## Encoding and Decoding when working with Text

The way computers interpret texts is different than the way we interpret texts. For us, we can simply read the text as it is and be able to recognize what it means. However, computers do things a little differently. Instead of storing the actual "letters", "numbers", or any kind of data, everything all real world data are represented by *bits*, 0's and 1's.

Now the way a "number" is represented in a computer's memory is as a binary number, a number expressed as a combination of 0's and 1's.

For example:
![](../binary_number_system.png)

But binary numbers can become too long, so we can shorten binary numbers by converting them to hexidecimals using the table below. Starting from the right, every 4 binaries will be converted to 1 hexidecimal.

![](../hexadecimal-number-chart.jpg)

For the example above, the equivalent hexidecimal to the binary number `11101110` is `EE`.

Thus, `119` = `11101110` = `EE` using the systems described above.

In a computer, 8 binary numbers = 1 byte

### Encoding and Decoding

There are numerous ways to convert "letters" to *bits*, called **encoding**. Different computers have different encoding methods due to difference in operating system, languages, etc.

In the past, [American Standard Code for Information Interchange](http://www.asciitable.com) (ASCII) was the standard character encoding across computers. But the number of ways to encoding a character using the ASCII table is very limited. If you clicked on the link, you'll see that there are only 256 character encodings. This means that we would have no way of converting words that are in other languages into *bits*. This is many more character encoding systems have be developed based off of the ASCII character encoding system to be able to encoding more characters. The one character encoding system we use in this class is `UTF-8`, which can handle many more characters. 

**Encoding** basically takes in a string and converted each of the characters, using some kind of encoding system, into computer data, 0's and 1's. 8 binary numbers is equivalent to a byte (computer memory).
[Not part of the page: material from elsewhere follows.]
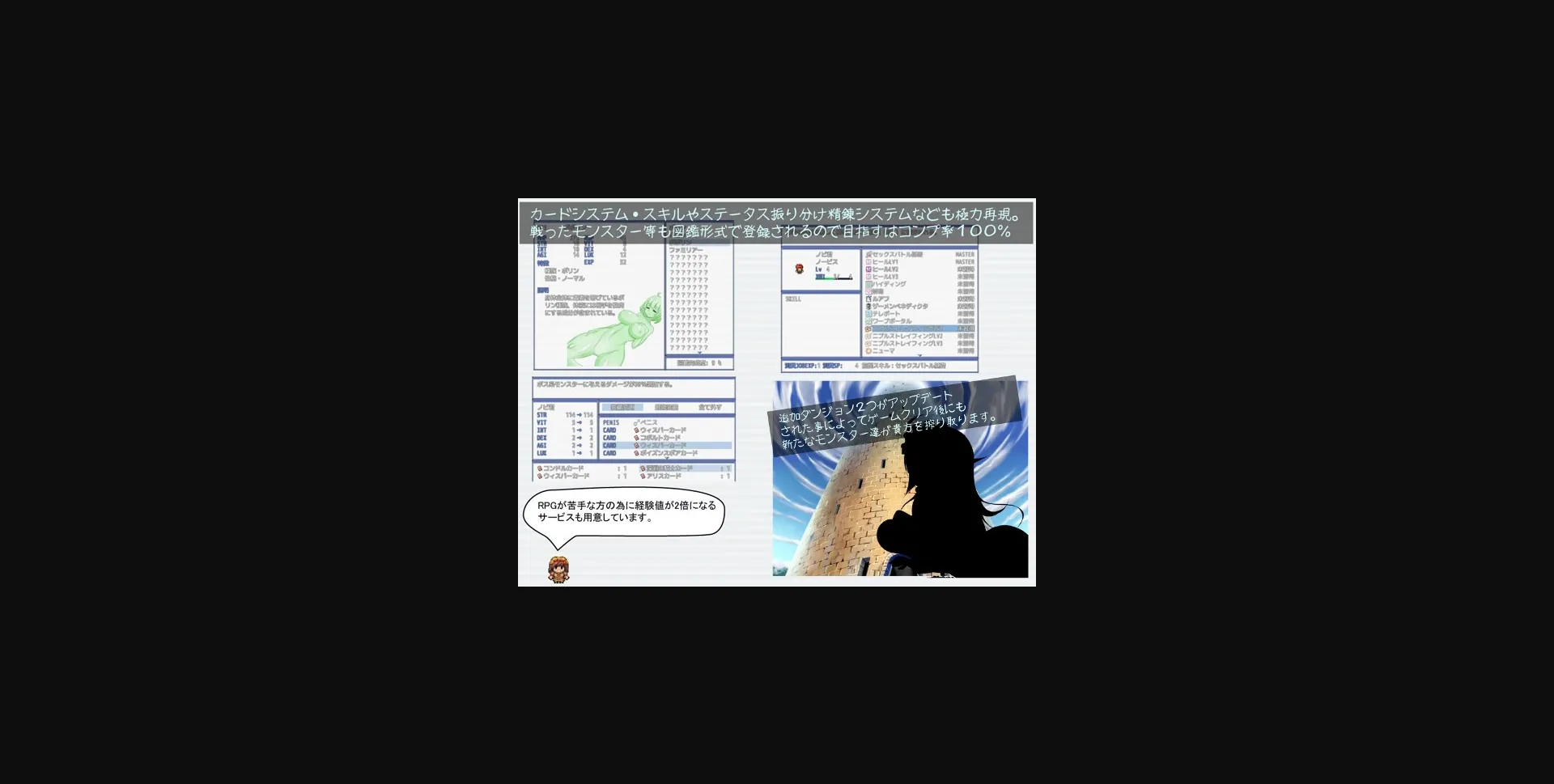 2D game, 2DCG, Adventure, Futa, Cumflation, Vaginal sex, Anal sex, Big tits, Beastiality, Fantasy, Male protagonist, Monster, Oral sex, Rape, Rpg, Turn based combat

**Decoding** is basically the reverse of encoding. Decoding takes in computer data, 0's and 1's, and convert it to text that we are able to intrepet. When decoding, we must specify a character encoding system in order to decoding computer data correctly. Otherwise, we may get garbage text that we cannot understand (example below).
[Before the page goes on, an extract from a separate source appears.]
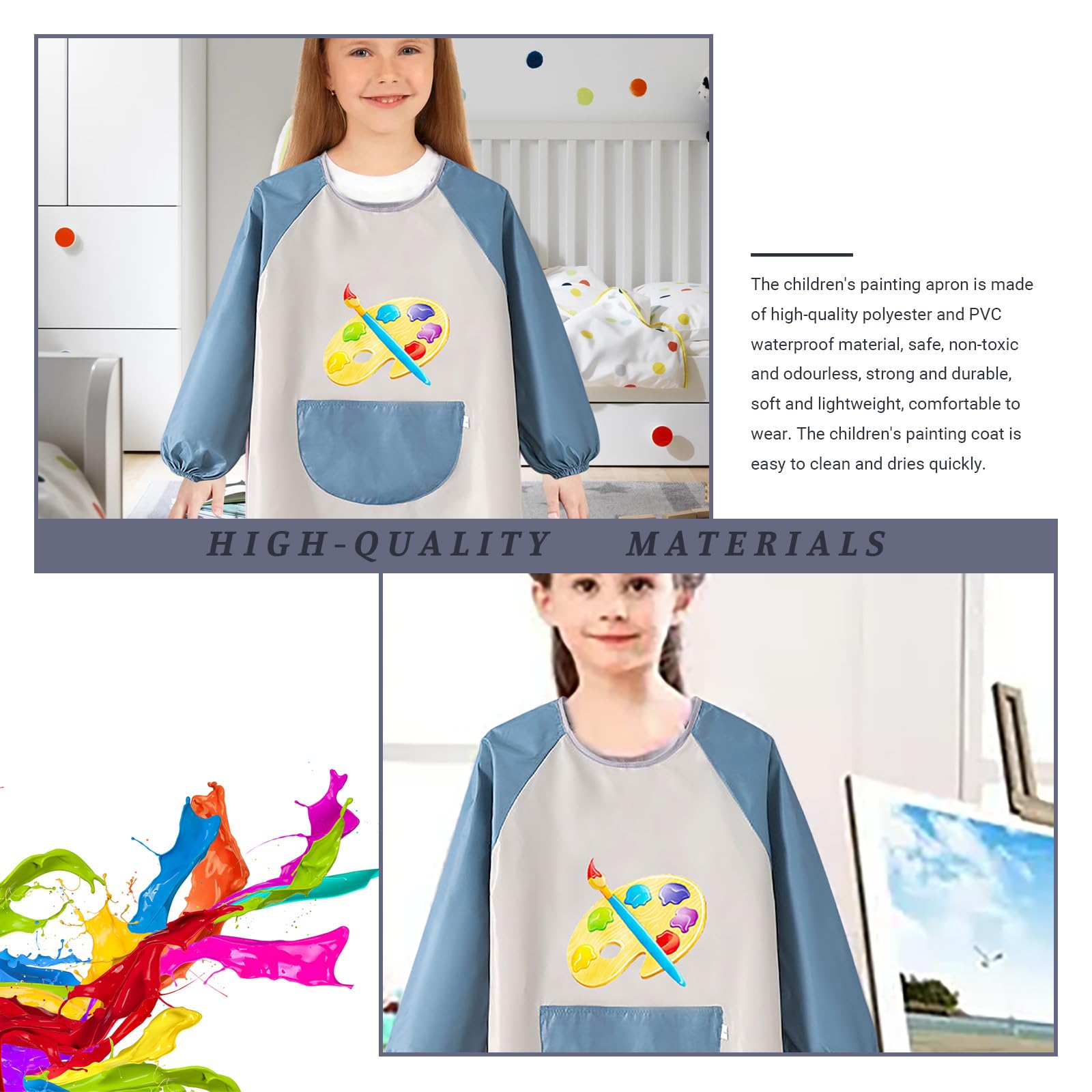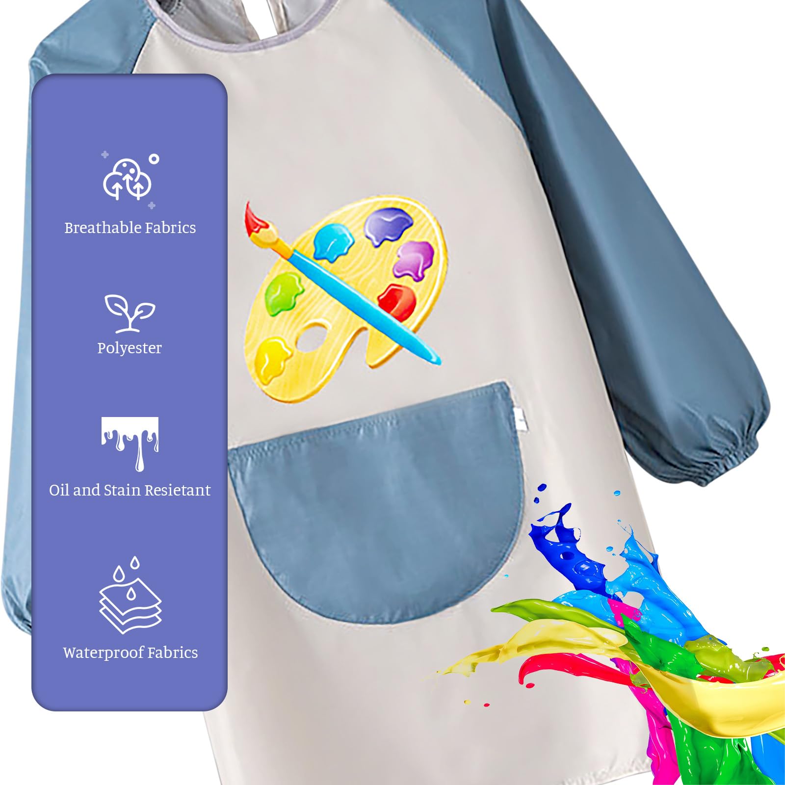 - Reasonable design Designed with elastic cuffs, our kids’ aprons offer better protection for your child’s clothes and arms, preventing color and dirt stains. The spacious front pocket provides convenient storage for painting tools or other items.

Basically, imagine you want to pass a note to your classmate, but you don't want to have other people know what you're reading. You develop some kind of encoding system where each "letter" maps to some number, and you pass this encoding letter to your friend. But in order for your friend to decode the letter, you must also tell him or her what kind of encoding system you used. This may sound very inefficient if we were to do it, but it is very efficient for a computer.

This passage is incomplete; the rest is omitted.